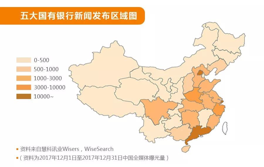 以下為五大國有銀行和股份制銀行的新聞報道的地域分布的對比數據:
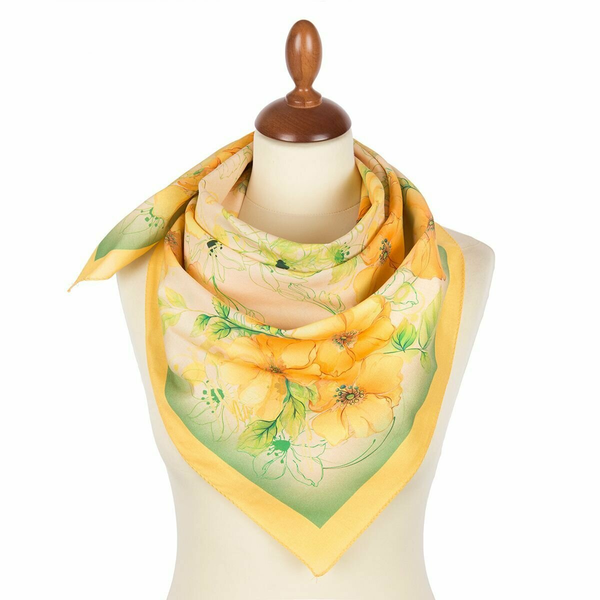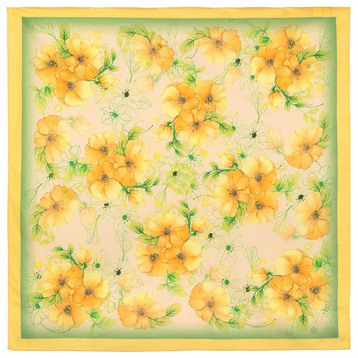 Купить Платок Павловопосадская платочная мануфактура для женщин,80х80 см, желтый/зеленый
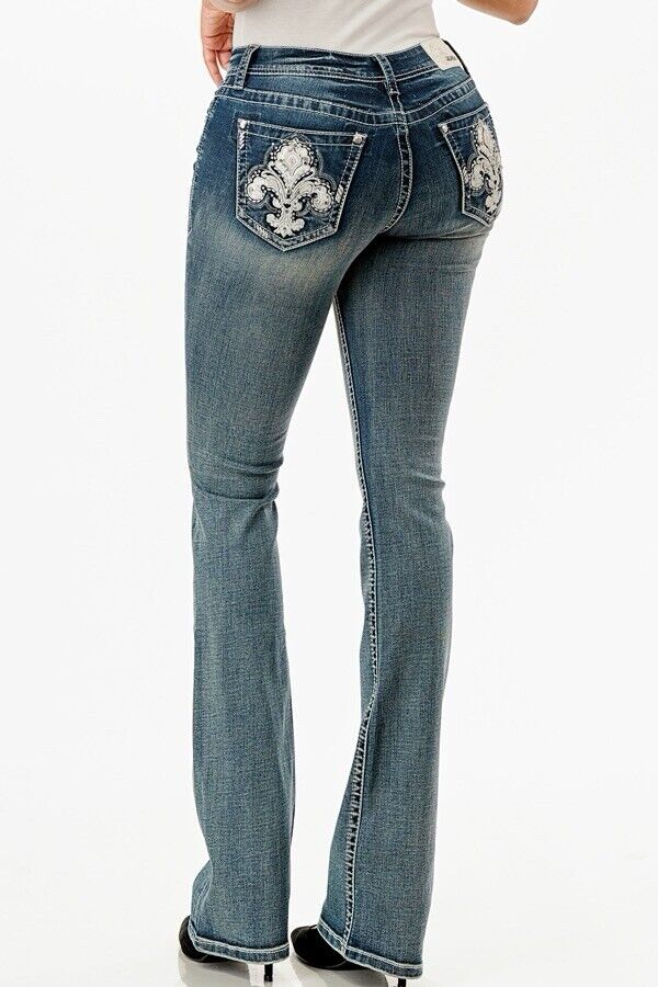 Fleur De Lis Mid Rise Embellished Bootcut Jeans – Grace in LA

──────────────────────────────

» Task objective
Could you reproduce the listing above word for word while leaving out its pictures?

» Written solution
 以下為五大國有銀行和股份制銀行的新聞報道的地域分布的對比數據:
 Купить Платок Павловопосадская платочная мануфактура для женщин,80х80 см, желтый/зеленый
 Fleur De Lis Mid Rise Embellished Bootcut Jeans – Grace in LA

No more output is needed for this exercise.